Grades 3 and 4 continue to encourage students to access caring adults by identifying emotional health role models or deciding on the best person to ask for help with a variety of different feelings. At Grades 4 and 5, students also begin to explore how to find accurate information online and are introduced to key questions they can ask to help them evaluate whether they can trust a website to give them correct information:
- Who made the website? Was the website created by an individual person or company (.com), a government agency (.gov), a college or other school (.edu), or a nonprofit organization (.org)?
- What’s the website’s point of view? Is it based on one person’s opinion, or is it backed up by facts? Are there data from studies or statements from experts? Are there links to and from these sources?
- When was the website created or updated? Is the date easy to find? Do the links on the website still work?
- Whom is the website for? Is the information meant for kids? teens? adults? experts? people who work in health care? everyone?
- Is the website trying to get you to buy, do or believe something?
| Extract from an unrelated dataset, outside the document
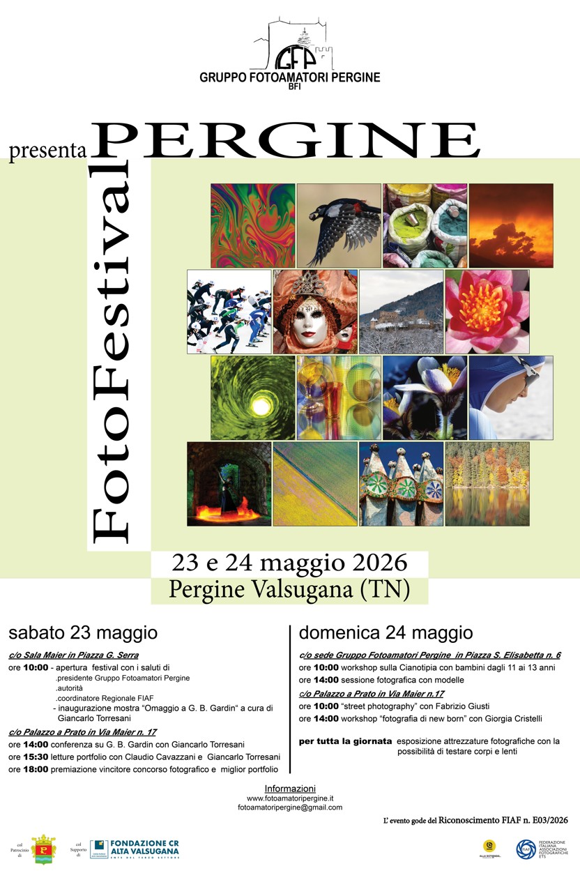 il Gruppo Fotoamatori di Pergine organizza – nelle giornate di sabato 23 e domenica 24 maggio 2026 – la prima edizione del “PERGINE FOTO FESTIVAL”, un intero fine settimana dedicato alla fotografia ed aperto a fotografi, fotoamatori, appassionati e cittadini.

An increasingly sophisticated evaluation of resources continues throughout middle school and high school, as students identify sources of accurate information about personal and sexual health; explain the importance of seeking help for physical and mental health issues, including eating disorders, substance use and suicide thoughts; research information about tobacco, alcohol and other drugs; and identify and access community health resources.
At each of these grade levels, students are able to practice a skills process that makes sense developmentally and helps them meet the objectives from the National Health Education Standards.